I had read it all before. Then I turned to the form to fill out the name. It was someone I had been in class with four short years before. That intimate knowledge changed my whole perspective. Ought not our personal knowledge of Jesus Christ change our perspective when it comes to our text today?

"They will look on me, the one they have pierced, and they will mourn for him as one mourns for an only child, and grieve bitterly for him as one grieves for a first born son." There on that cross hung the only Son of God, even as the prophets fortold his legs were not broken as was the common custom, and most unusual his side was pierced by the soldier's spear. Blood and water poured out. James Montgomery Boice points out that we ought to remember that "in the Old Testament sacrificial system, blood was the appointed means of cleansing sin, and that in the temple ceremonies, water was used for ceremonial purification from uncleanness." He concludes his paragraph with this note: "deliverance from sin's penalty and cleansing from its defilement are to be found in the death of Jesus only.

How ought we to react to these facts? Zechariah would have us know that even though those who looked on participated, there was grace revealed and supplication possible. And even in the midst of mourning, God meant that sacrifice for our good! Do we all realize the personal implications of the middle phrase of verse ten? "They will look on me, the one they have pierced". The whole human race is implicated in the death of God in Christ on the cross. Do you see it: "the one they have pierced".

Just as the young and the old ladies grieved over the first child which they caused to be butchered, so are we implicated in the death of Jesus Christ. It wasn't just the Jews, it is all of mankind that is implicated as Christ killers.

Let us be certain that those who have abortions are no worse than anyone else. The young lady at our school was ministered to by her Christian friend. I was able to outline the free access to forgiveness and her friend went over it and over it time and again.
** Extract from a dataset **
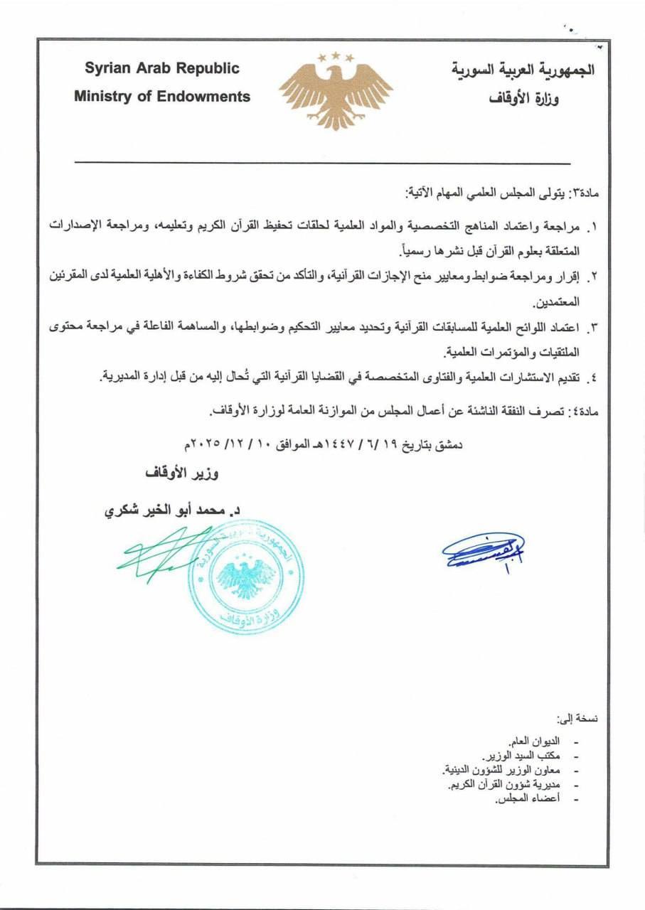 مادة /١/: يُشكّل في وزارة الأوقاف مجلس علمي لشؤون القرآن الكريم.

The school year ended and I have never heard the end of the story. Was the baby killer forgiven? No matter today, we each have a more important question to consider.

The very Son of God was killed on the cross at Calvary. He died alone on the cross as the old hymn goes. But, there is another phrase to that old hymn which mirrors the last verse of our text for us today. "He died alone for you and me." Will you mourn for His precious death? Will you accept the spirit of grace and supplication promised by the prophet? Will you acknowledge the cleansing power of the fountain opened that day on the cross?

I know, it has been two thousand years, how can we be emotionally moved at this late date. But let us suppose that like the popular television series Quantum Leap you are leaping through time. Suddenly, you are there at the foot of the cross in the uniform of a Roman soldier. The spear is in your hands, you thrust it into the side of a man hanging on a cross. Blood and water flow out and splash upon you. Now you are emotionally involved. Now you know how many young women feel today. If they can be forgiven, so may we all. The fountain of forgiveness was opened, the Savior's blood was shed for your sin.

All you have to do is ask God's forgiveness, and believe in His only Son Jesus Christ who was crucified, buried and raised with one purpose in mind - to die on that cross for you! May the Lord grant you the grace to accept His sacrifice.